> **WORK TO BE COMPLETED**
Pictures stay out, but every line of the data is copied exactly.

> **DATA**
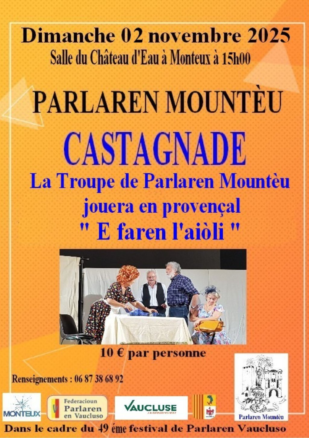L'association Parlaren Mountèu vous présente "La Castagnade". À 15H, la pièce “E faren n’aioli” et à 16h chataignes chaudes, boissons et biscuits.  Tarif : 10 € à la salle des fêtes du Château d’Eau. Billetterie sur place. Infos au 06 87 20 58 22
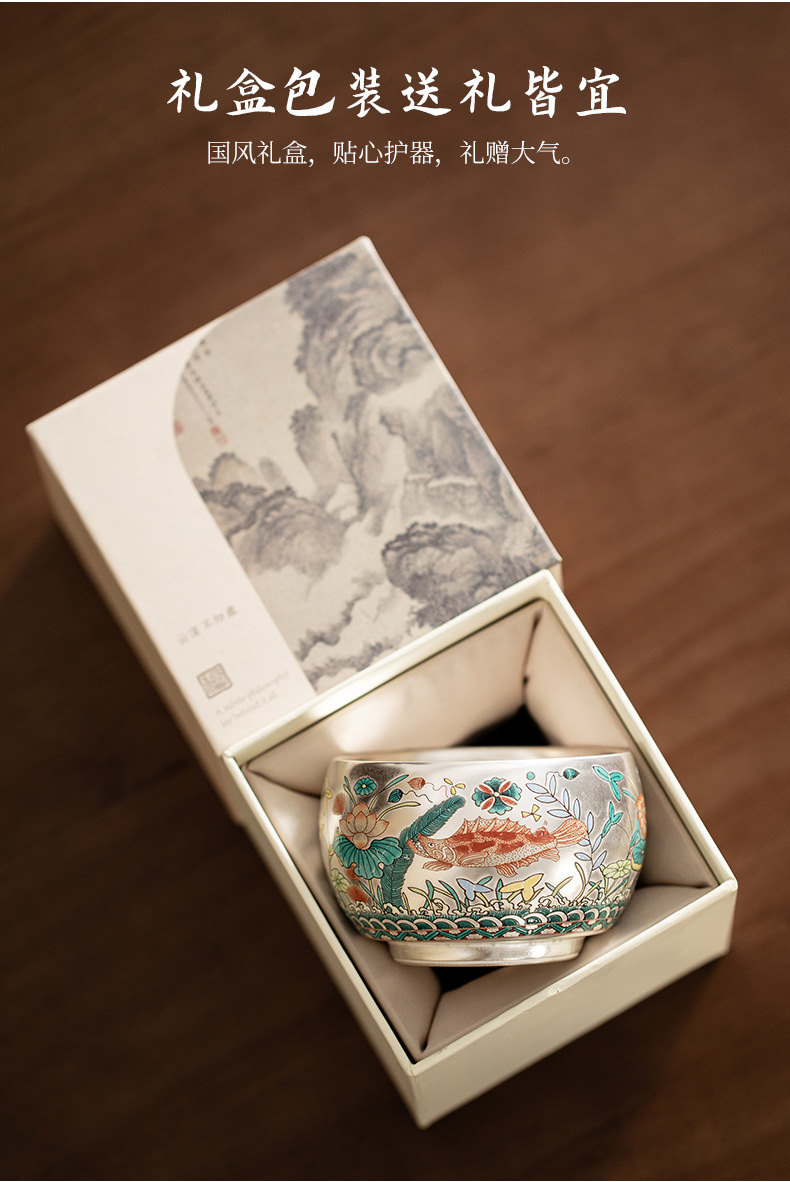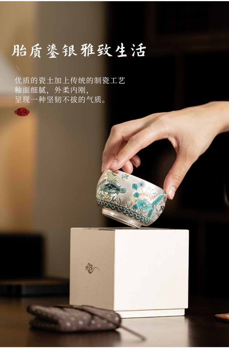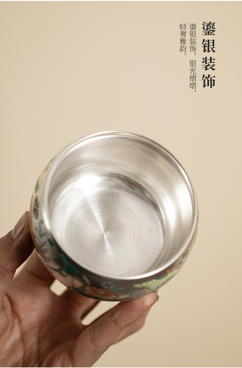 鱼藻纹鎏银主人杯陶瓷茶杯个人杯中式茶盏品茗杯单杯功夫茶具茶碗
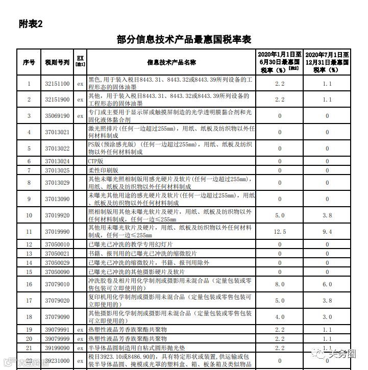 2.对《中华人民共和国加入世界贸易组织关税减让表修正案》附表所列信息技术产品最惠国税率自2020年7月1日起实施第五步降税(见附表2)。

> **RESPONSE BELOW**
L'association Parlaren Mountèu vous présente "La Castagnade". À 15H, la pièce “E faren n’aioli” et à 16h chataignes chaudes, boissons et biscuits.  Tarif : 10 € à la salle des fêtes du Château d’Eau. Billetterie sur place. Infos au 06 87 20 58 22
 鱼藻纹鎏银主人杯陶瓷茶杯个人杯中式茶盏品茗杯单杯功夫茶具茶碗
 2.对《中华人民共和国加入世界贸易组织关税减让表修正案》附表所列信息技术产品最惠国税率自2020年7月1日起实施第五步降税(见附表2)。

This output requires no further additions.